"But Why Doesn't It Work?"


Though some babies are certainly more challenging than others and certain developmental periods (teething, separation anxiety etc.) are tougher than others, The Baby Whisperer says that if you follow her techniques things will eventually work out. I implemented most, but not all of her techniques and had a lot of success, but I have to admit that it is hard for me to believe that her techniques will
always end up working with every baby. She does mention that she has worked with thousands of babies and that her techniques have always worked so maybe she is right - her techniques will eventually work.

Here's a list of reasons why she says you may not be having success with her techniques:

"You're following your child, rather than establishing a routine"

Remember that one of her main focuses is on implementing a routine from birth.

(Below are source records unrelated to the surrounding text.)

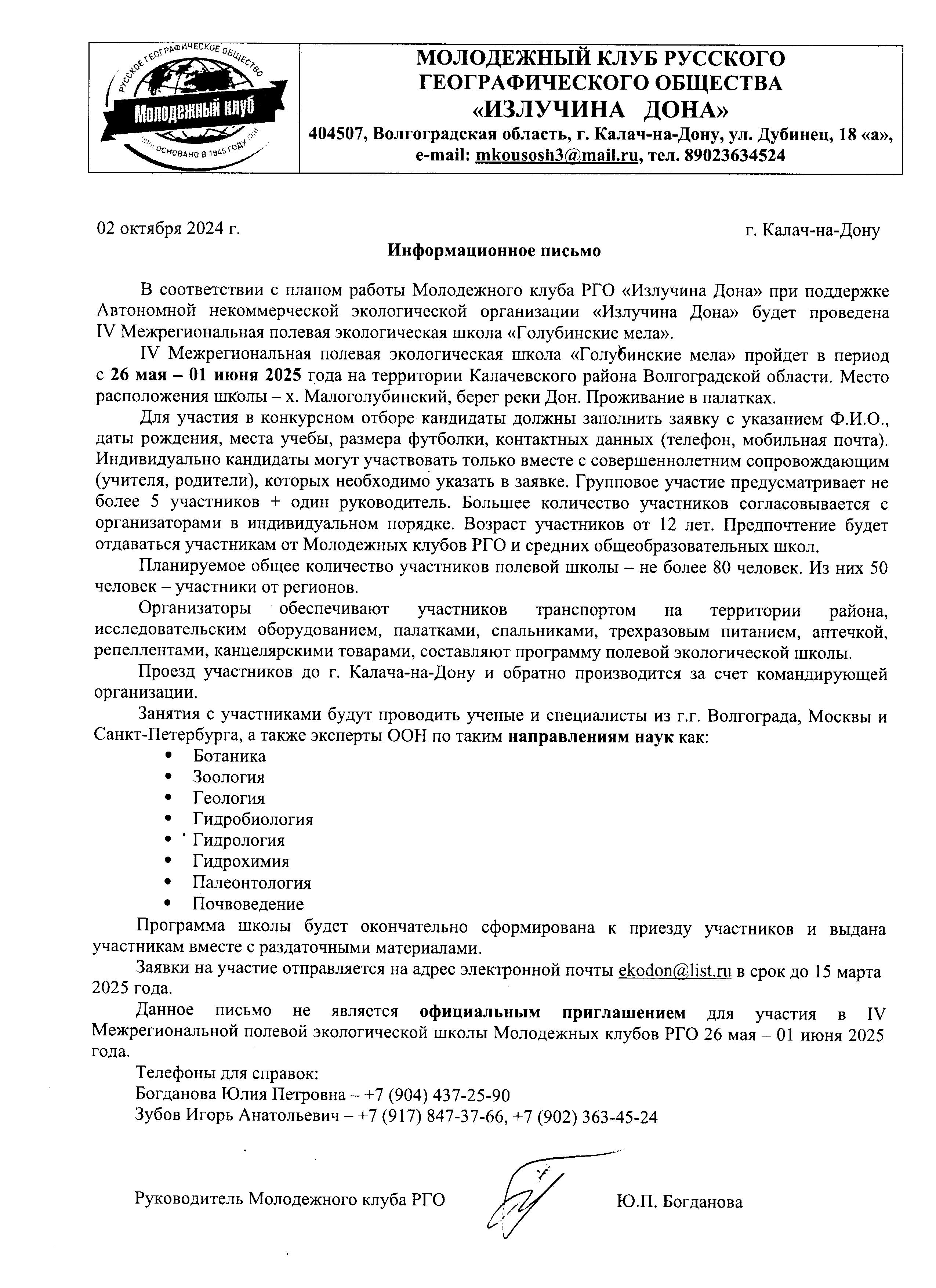 Молодежный клуб Русского Географического общества "Излучина Дона", при поддержке Автономной некоммерческой организации "Излучина Дона"
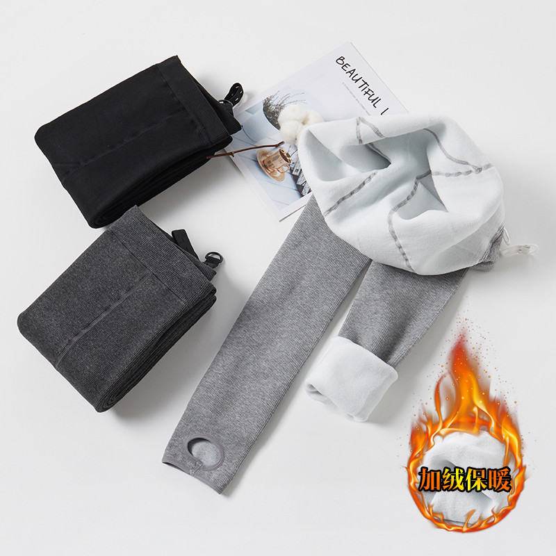 条纹羊绒加绒显瘦一体连袜踩脚不勒肚200斤 冬季 大码 孕妇打底袜裤
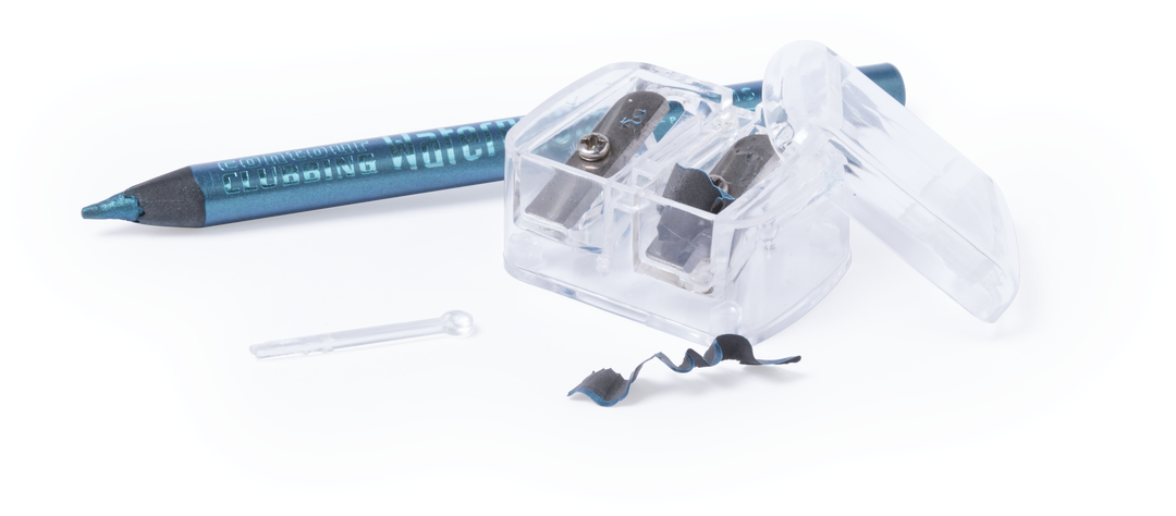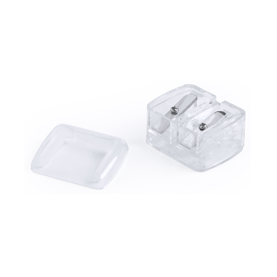 Sacapuntas de cosmética con doble cuchilla de acabado transparente. Con compartimento para residuos y tapa.
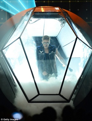 In the MailOnline article's lengthy title we're let in on one of the highlights, “Justin Bieber emerges from an alien orb.” This alien orb was modeled on a chariot of the Egyptian sun god, associated with Horus Behdeti. (Search this blog for Horus Behdeti and also for winged disk) Bieber's arrival from out of the winged orb modeled the return of the sun god, the arrival of the Beast.
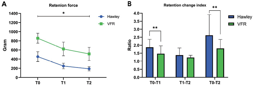Figure 2. A) The amount of force (in grams) required to remove the retainers from the mouth in T0, T1 and T2. B) The ratio of change in retainers’ retention force from one timepoint to another (T0-T1, T1-T2 and T0-T2). Data are presented in Mean ± SD. VFR: Vacuum-formed retainer. T0: immediately after retainer delivery; T1: 3 months after delivery; T2: 6 months after delivery. *: Mean differences throughout T0, T1 and T2 are statistically significant (Repeated measure ANOVA; P-value < 0.001 for both Hawley and VFR). **: Mean differences between Hawley and VFR are statistically significant (Two-tailed T test; P-value = 0.015 for T0-T1; P-value = 0.013 for T0-T2).
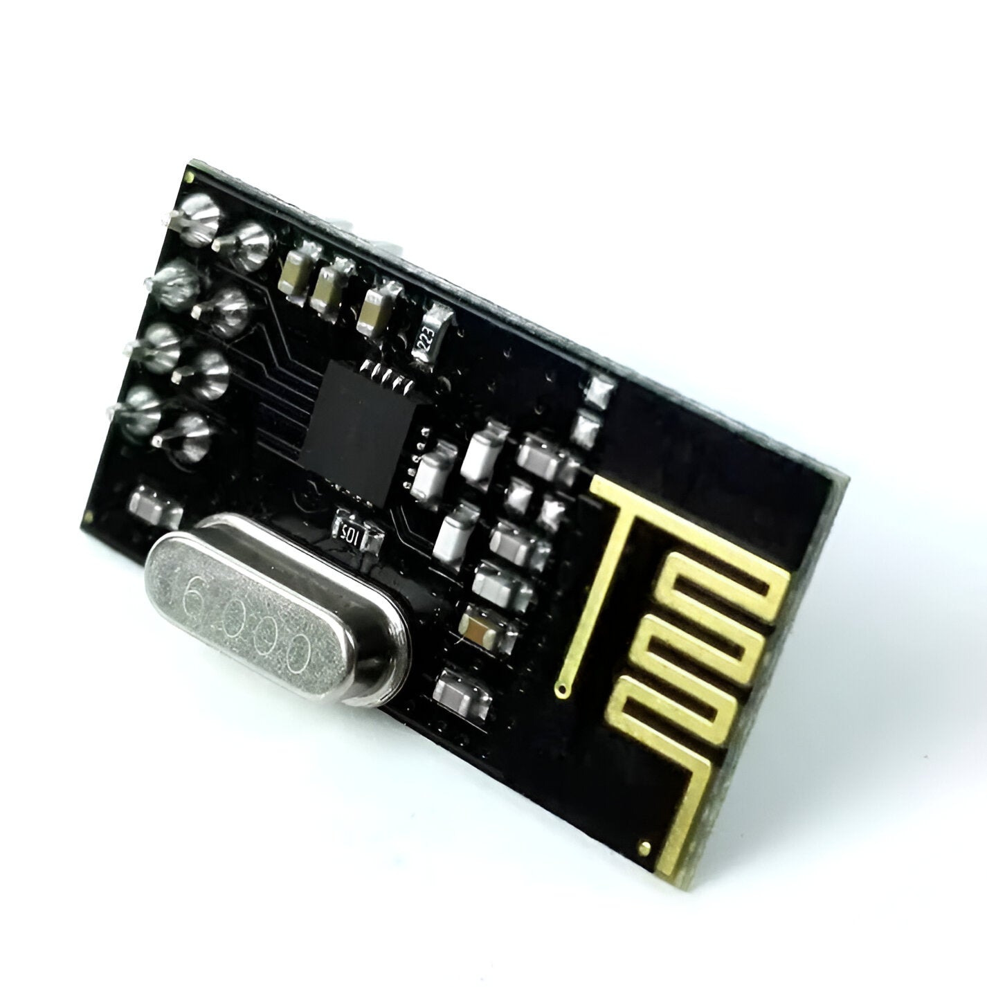 - Pins broken out : VCC, CE, CSN, SCK, MOSI, MISO, IRQ, GND
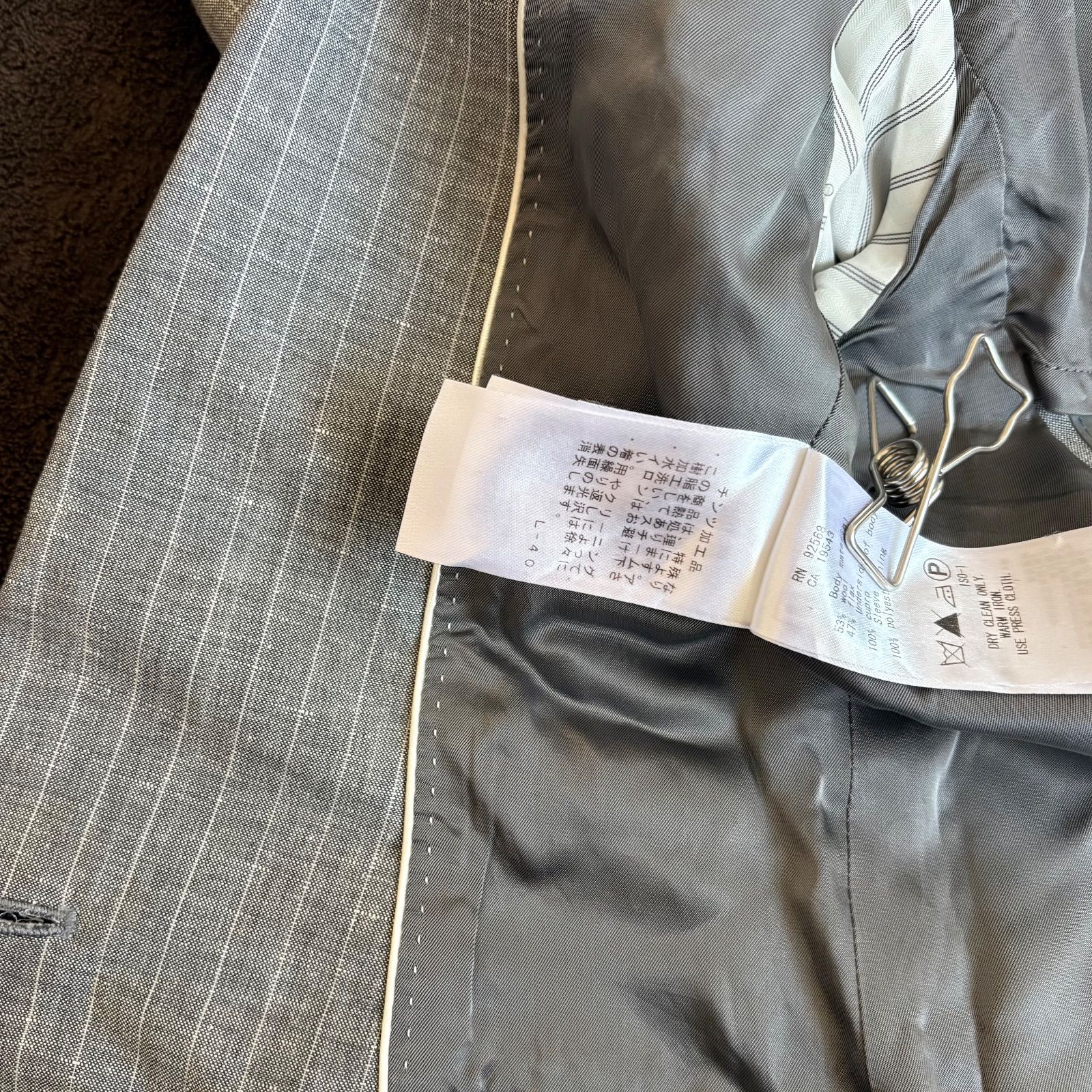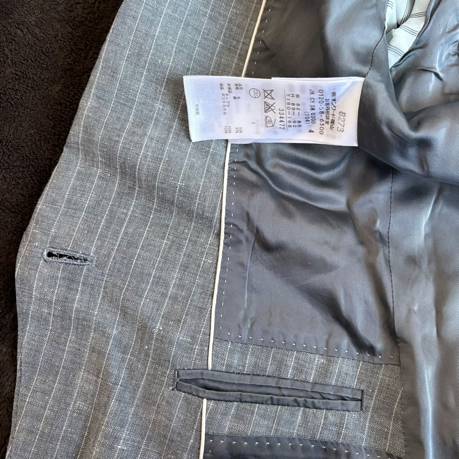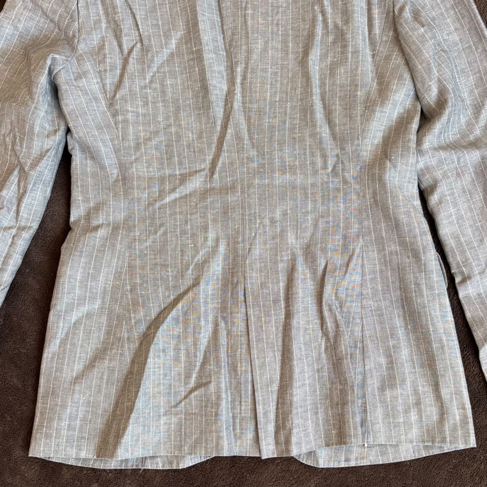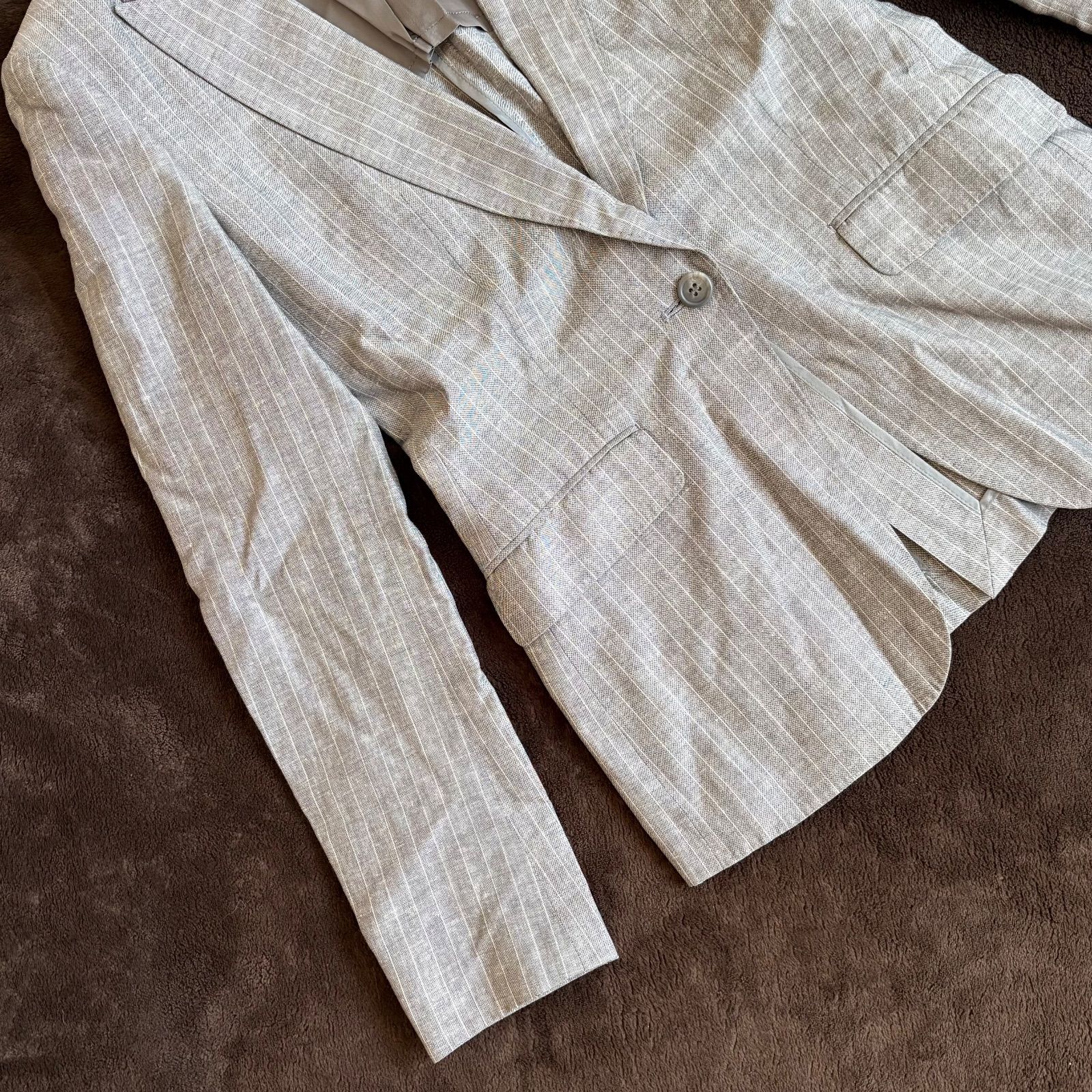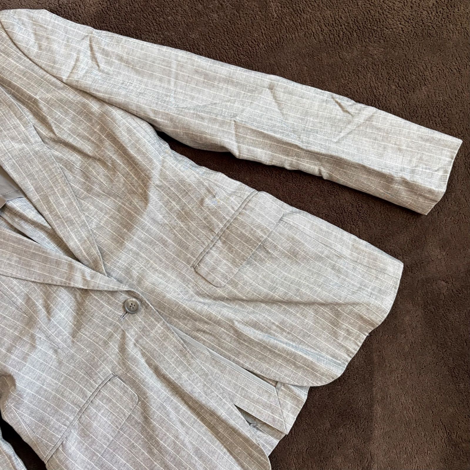 【iCB】ストライプ柄麻混テーラードジャケット/9/グレー/毛・麻
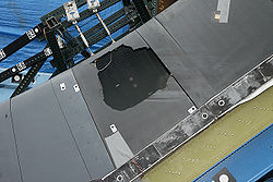 Close-up of the Left Bipod Foam Ramp that broke off and damaged the Shuttle wing.
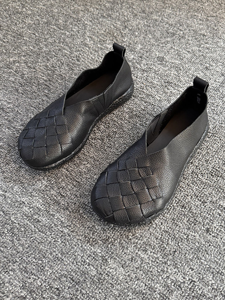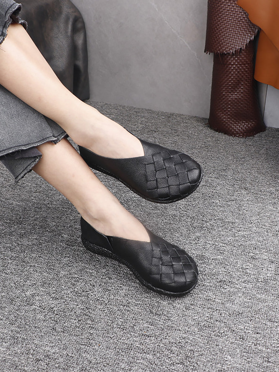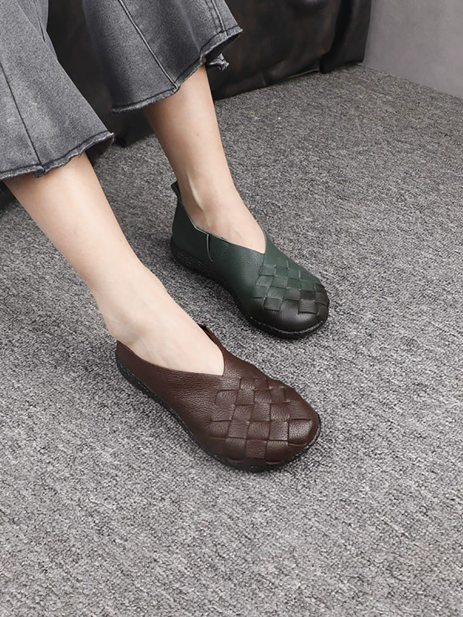 Women Spring Retro Genuine Leather Weave Flat Shoes
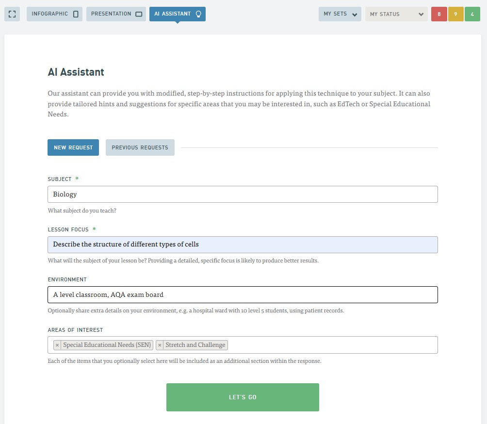 Once you have chosen a strategy, select the AI Assistant. This is where you can start tailoring the approach to your own teaching context by filling in the text boxes on the page. You are also able to see previous requests that you may have made.
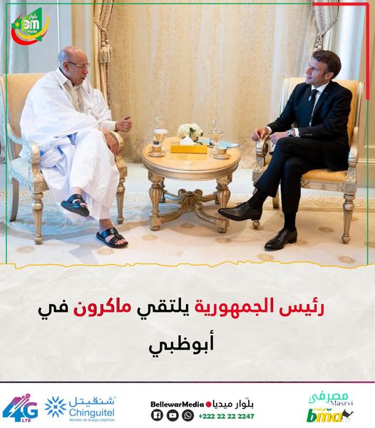 رئيس الجمهورية يلتقي بماكرون في أبوظبي . التقى رئيس الجمهورية، محمد ولد الشيخ ا…
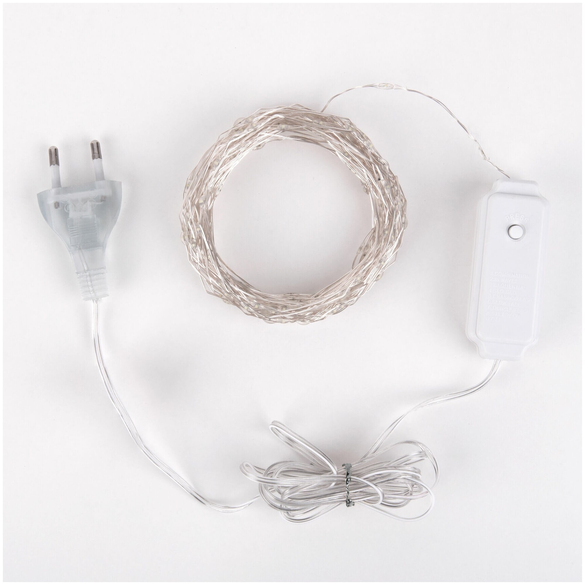 Гирлянда имеет 8 режимов свечения, переключение происходит последовательно нажатием кнопки на контроллере.
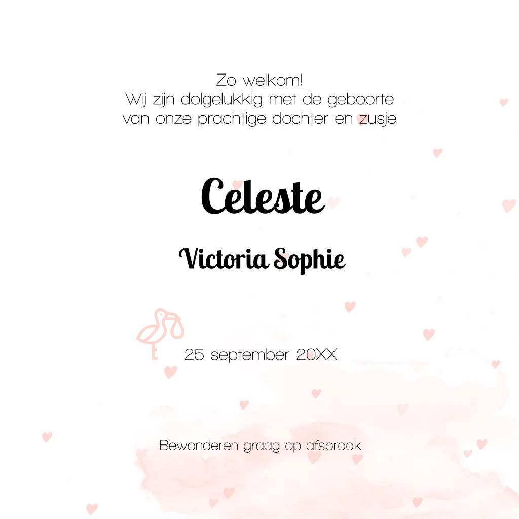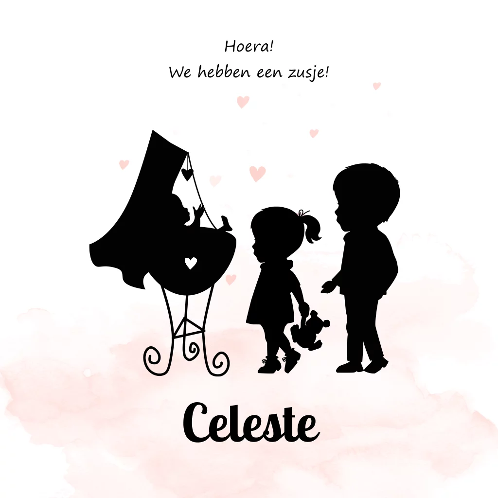 Lieve geboortekaart met wieg en broertje en zusje voor derde kindje en confetti van hartjes op witte achtergrond met aquarel.
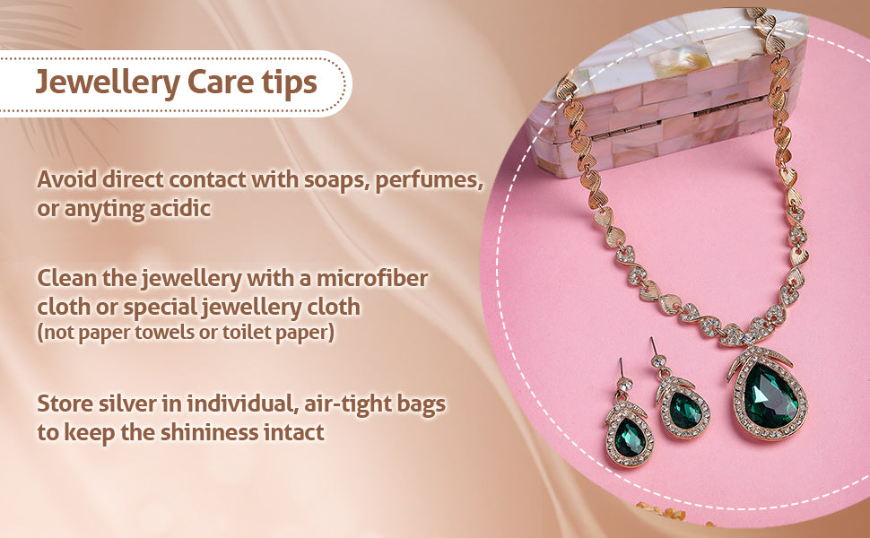 * Care Instruction : Avoid water contact, including swimming or bathing. Keep away from chemicals like perfumes and lotions. Store in a cool, dry place away from sunlight. Clean gently with a soft, lint-free cloth. Handle delicately to avoid bending or pulling. This will keep your jewellery shining for years.
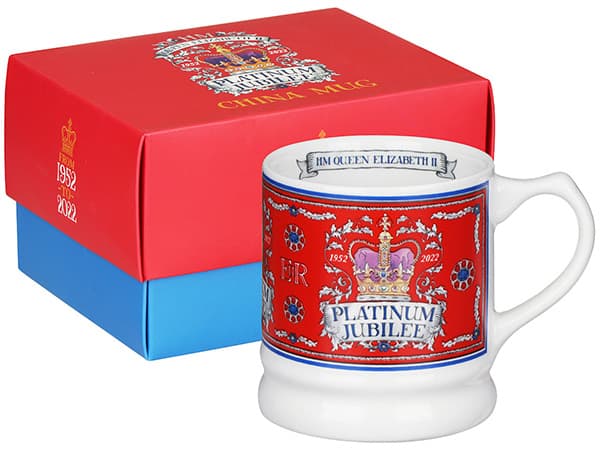 Esistono diverse varianti di gadget creati per i 70 anni di regno della regina Elisabetta. Qui sotto vi proponiamo una tazza più folcloristica, meno sobria, con l’immancabile cucchiaino per l’ora del tè.

See the EWS cycle for more on this.

"You've been doing accidental parenting"


 "You're not reading your child's cues."


 "You're not factoring in that young children change constantly. The only constant in the job of parenting is change."
 If you find your self using the phrase my child "used to be", then maybe your problems are routed from the fact that your child is ready for a change (more awake time, more time between meals etc.).


 "You're looking for an easy fix." 
Sometimes we seem to expect magic to happen with little or no effort. Not likely. What most likely is needed a whole lot of patience, persistence, and maybe a little extra chocolate when things get tough :)

"You're not really committed to change"
Make a plan and stick with it... Don't go back to your old way and don't keep tyring different techniques... Be persistent". I'd also like to add to this the need to be consistent.

"You're trying something that doesn't work for your family or your personality"
If you're not comfortable doing a particular technique, either don't do it, or find ways to bolster yourself, by having the strong parent take over for a bit, or enlisting some other help.

"It ain't broke- and you don't really need to fix it"
Every baby is different and just because your baby isn't following exactly what other babies his age are doing that doesn't mean something is wrong. If he seems to be doing fine, then that is the most important thing.

"You have unrealistic expectations" 
We can't have too high or unreasonable expectations of our children. They're not perfect, and they're only capable of so much. And often when we do "a" then "b" and expect to get "c", "c" simply doesn't happen. Things usually aren't that simple with them.



12 comments :

  1. Hi Rachel:

    I just found your blog. What a nice resource. I am having a hard time distinguishing between the problem of "following your child, not establishing a routine" and the positive "responding to your child's cues." How do I respond to my child's sleep cues (or eating cues, etc) but also be sure that I'm the one in charge. It probably seems dumb, but I struggle with this!
    Thanks!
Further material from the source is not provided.